A day to honor the arrival in Hope Town in the late 1700’s of Wyannie Malone and other Loyalists from the Carolinas.   Many of her descendants still live here.  Hope Town’s cottagers, cruisers and tourists celebrated with art, food and crafts. 

The children of the Hope Town Primary School opened with the Bahamian National Anthem.



Awards were given for the winners of the essay and art contests – the topic was a letter written home after arriving here by boat with Wyannie Malone. 


A quilt made especially as a fund-raiser was raffled off, with proceeds to the Wyannie Malone Museum, a wonderful treasure right in downtown Hope Town.

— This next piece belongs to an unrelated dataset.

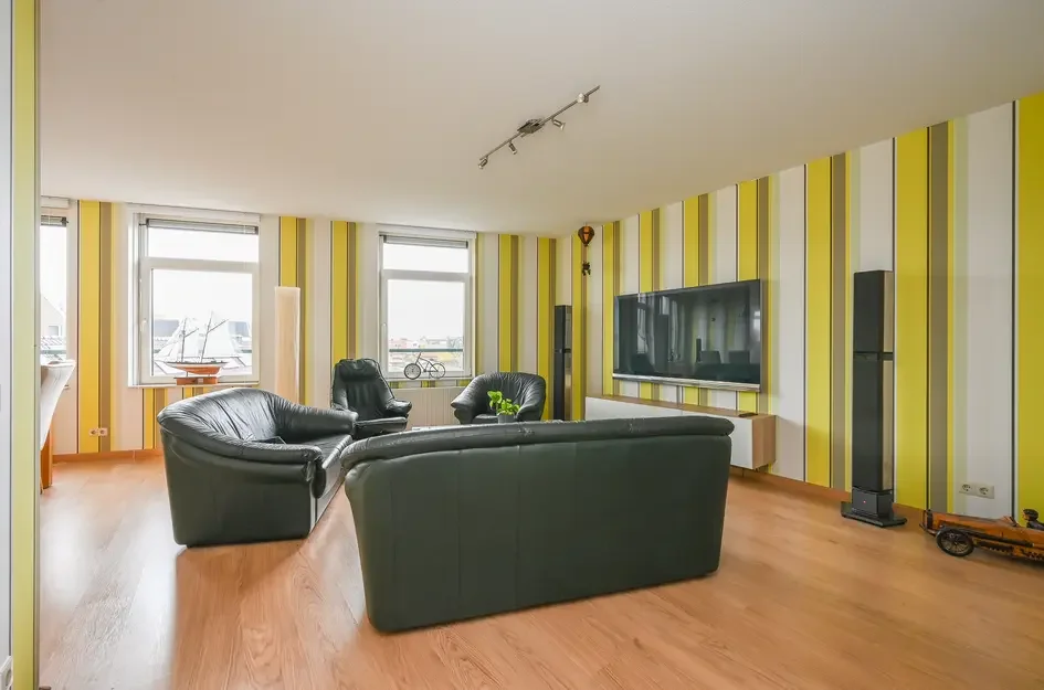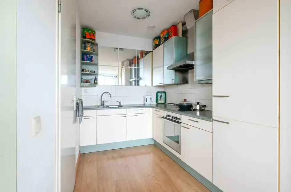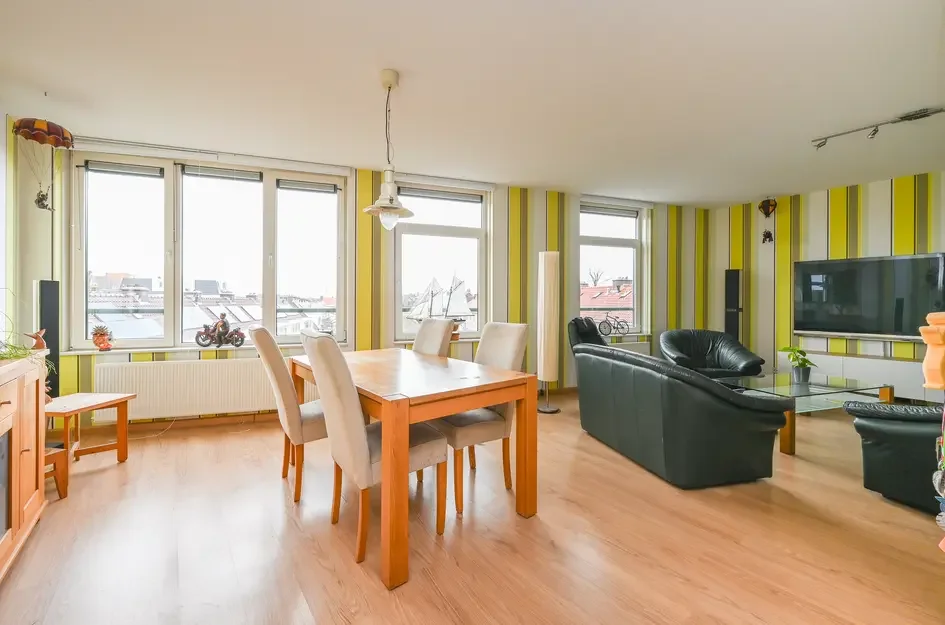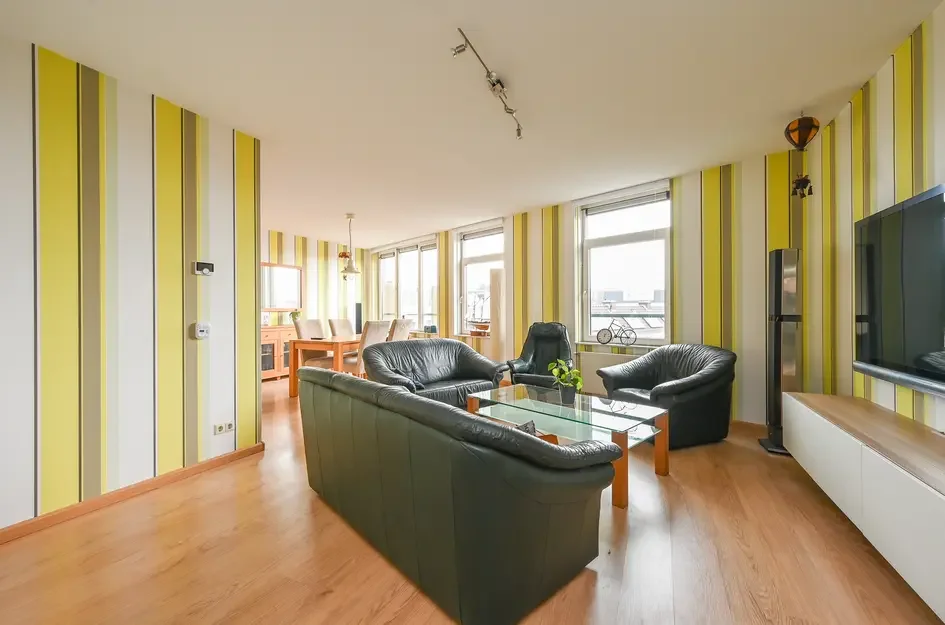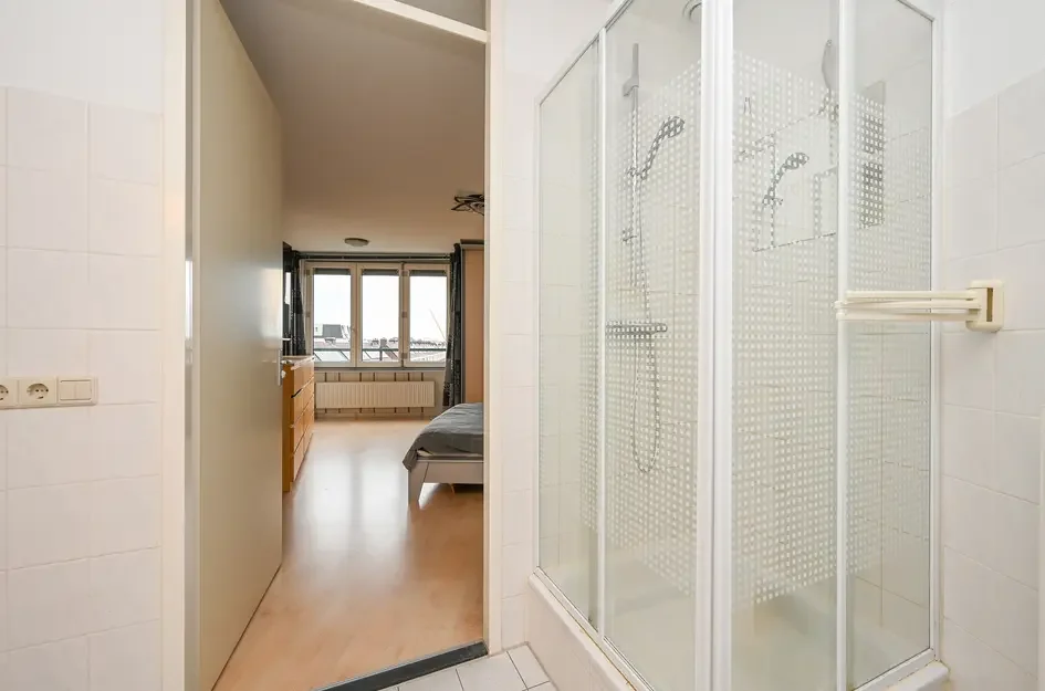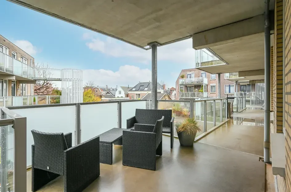 - De galerijflat heeft een woonoppervlakte van 102 m² en beschikt over 3 kamers, waarvan 2 slaapkamers;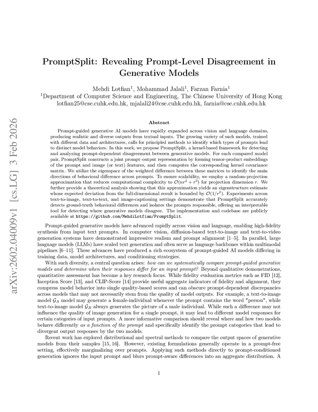 Prompt-guided generative AI models have rapidly expanded across vision and language domains, producing realistic and diverse outputs from textual inputs. The growing variety of such models, trained with different data and architectures, calls for principled methods to identify which types of prompts lead to distinct model behaviors. In this work, we propose PromptSplit, a kernel-based framework for detecting and analyzing prompt-dependent disagreement between generative models. For each compared model pair, PromptSplit constructs a joint prompt--output representation by forming tensor-product embeddings of the prompt and image (or text) features, and then computes the corresponding kernel covariance matrix. We utilize the eigenspace of the weighted difference between these matrices to identify the main directions of behavioral difference across prompts. To ensure scalability, we employ a random-projection approximation that reduces computational complexity to O(nr2+r3)O(nr^2 + r^3) for projection dimension rr. We further provide a theoretical analysis showing that this approximation yields an eigenstructure estimate whose expected deviation from the full-dimensional result is bounded by O(1/r2)O(1/r^2). Experiments across text-to-image, text-to-text, and image-captioning settings demonstrate that PromptSplit accurately detects ground-truth behavioral differences and isolates the prompts responsible, offering an interpretable tool for detecting where generative models disagree.

Local artists sold their crafts.




Bahamian (chicken souse, conch salad and mac n’ cheese) and American cuisine (hot dogs) was available, along with scrumptious baked goods.  Historic Abaco dinghies were displayed.  They were once a primary means of travel here in the islands.  Many sailors are now working to restore them.


Here’s a pirate learning to scull – a popular method of transportation when the wind dies.  It requires strength and dexterity to move the oar behind the boat with just the right motions to power the boat forward.


A fun day here in Abaco. 

3 thoughts on “Hope Town Heritage Day

  1. I love sculling. Everyone should learn. It’s like magic once you get the motion right. Used to do it on my father’s dingy, which had a U shaped cutout in the transom. I don’t see a cutout on Goldie’s photo, so I’m wondering how he did it.